The most successful advocacy campaigns over the past several decades frequently were developed by highly conservative organizations that sought to constrain and, at times, roll back government policies that expanded the social safety net and regulated the private sector. These campaigns exhibited several important characteristics, including:
- Mobilizing patient capital. Since the 1970s, nonprofit foundations established by the Koch, Bradley, DeVos and other families have invested over $1 billion to change America’s policy agenda and electoral outcomes at all levels of government. These family foundations have bundled large amounts of tax-deductible cash through specially established nonprofit organizations such as Americans for Prosperity that invested in specific causes, campaigns and candidates for many years. Because of the Supreme Court’s 2010 Citizens United decision and other Internal Revenue Service rulings, these nonprofit bodies were able to largely hide the identity of their donors from the public.

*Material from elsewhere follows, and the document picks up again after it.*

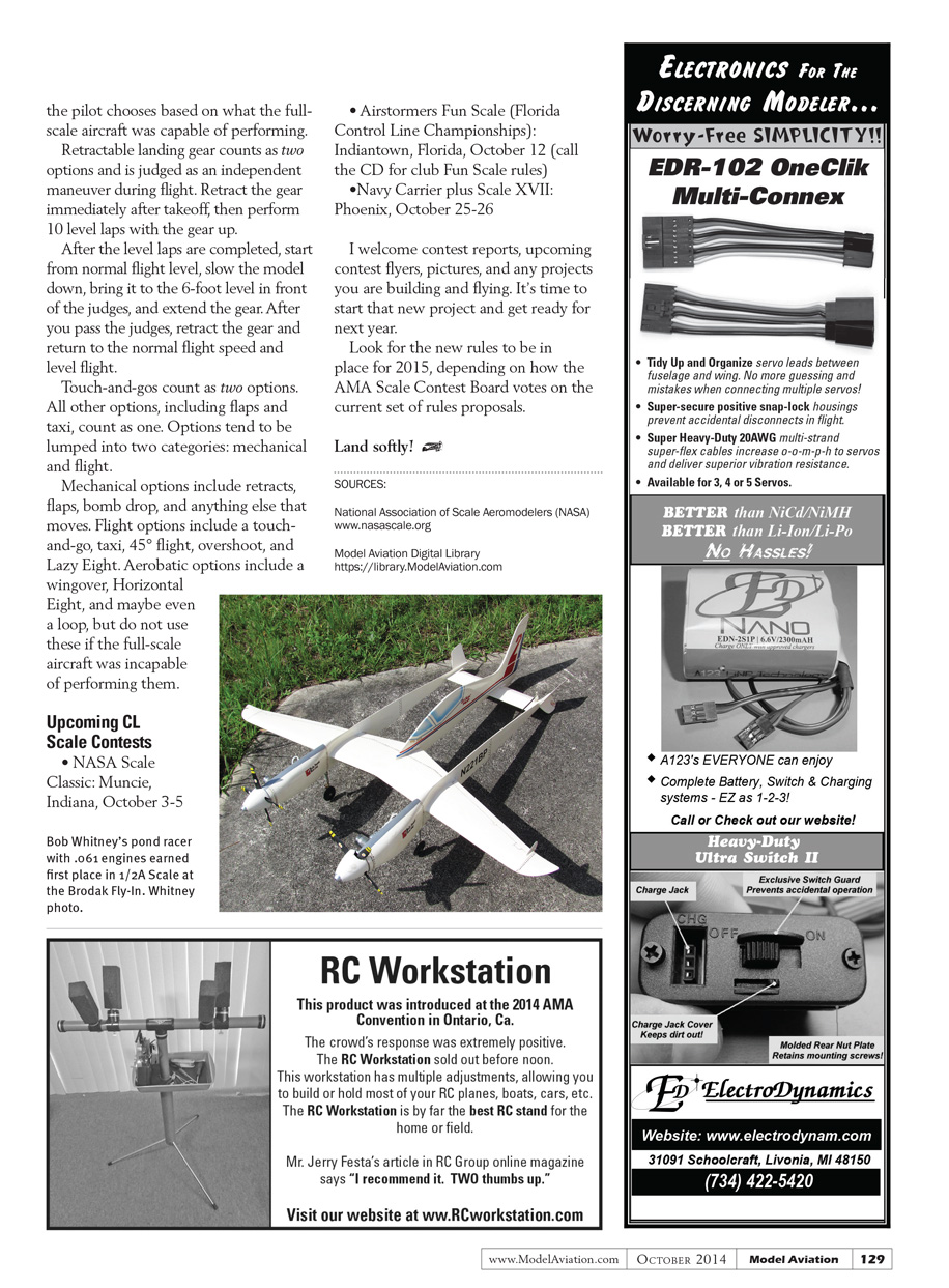 Fun Scale had nine entries with Ed Mason taking a commanding lead with his DC-6 (again mentioned in my February 2014 column) at 106.25 points. Ed has its four glow engines working well and it made a difference in his flight scores. Getting four glow engines to run in sync and shut down on command requires the right setup and preflight.

- Creating new content and mastering social media. These far-right organizations have established new institutions within established academic, cultural and medical organizations to provide a veneer of authenticity and generate new content that can be repurposed for political advocacy. Institutes proliferated across the country and recruited faculty and students through dedicated fellowships to generate studies that articulated skepticism or denial of scientific and economic data on important public topics such as stratospheric ozone depletion, climate change, the costs of environmental regulation and the role of specific foods and beverages in causing obesity. Such studies frequently did not meet the publication standards of professional peer review journals, but they immediately were adaptable to the freewheeling world of social media where they were invoked in support of deregulatory proposals or legislative initiatives favorable to their sponsors.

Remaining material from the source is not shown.